Нет, покорно лежит хорек, либо левретка под хозяйской мышкой и вздыхает обреченно. Температура тела у них, тварей бессловесных, выше, чем человеческая, а вшам тепло нужно не меньше, чем ласка. Даже больше, вот они и перебираются с дамской одежды на теплую шкурку зверька и там отогреваются. Там потом и выкусываются, когда объем мигрировавших насекомых переваливает за критический, и горностай, положим, начинает сходить от неприятного соседства со своего горностайного ума.
Впрочем, можно, конечно, воду согреть, одежду с песком и золой отстирать, самим в пару посидеть, а потом жесткой мочалкой тело оттереть — но это уже блажь. Это дело готов неразумных, пусть норманны в духоте себя мучают, свет французского общества воспитан по-другому, по-светски. С левретками оно, конечно, привычнее. И хлопот меньше.
Жан свою неприязнь к бородатым великанам перенес на баню — не терпел ее, на дух не переваривал. Да и баня его — тоже. Казалось ему — сунется он в парилку, тут же и угорит смертью храбрых. Отец Меур в этом его поддерживал и больше того — одобрял.
Будучи потомственным попом, ему не раз доводилось посещать Батиханство, сначала, как простому служке, позднее — сановному служителю церкви. Там ему нравилось — чем выше чин, тем разудалее жизнь: девки, выпивка, игра в кости. Все, конечно же, с верховного разрешения и заочного прощения. Но дело было даже не в этих маленьких прелестях большой жизни. Все упиралось во власть.

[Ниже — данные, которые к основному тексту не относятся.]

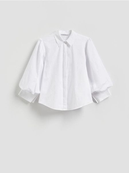 Koszula o swobodnym kroju, wykonana z tkaniny z bawełną.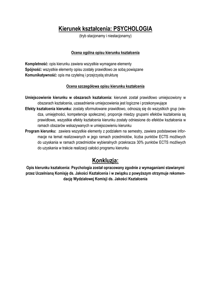 Kierunek kształcenia: PSYCHOLOGIA Konkluzja:

Вера готов и норманнов ничем не отличалась от той, что трактовалась в Батиханстве. Разве что — в мелочах. Отказывались они есть «плоть Христову» и запивать «кровью Христовой», так дикие люди, книжники! Ничего, время теперь радостное, время теперь — только успевай отхватить себе что-нибудь. Глядишь, и книжники угомонятся, позабудут свои письмена. Для этого и создали инквизицию. Точнее — две инквизиции.
Позднее, конечно, выживет только одна. Яков Шпренгер, декан Кельнского университета, и приор Генрих Крамер (Иститорис) подведут итог борьбе былых веков и провозгласят суть, самую благородную и благочестивую — искоренение дьявола на Земле. Их творение, их «Молот ведьм» сделается ужасным бестселлером на долгие-долгие годы и века.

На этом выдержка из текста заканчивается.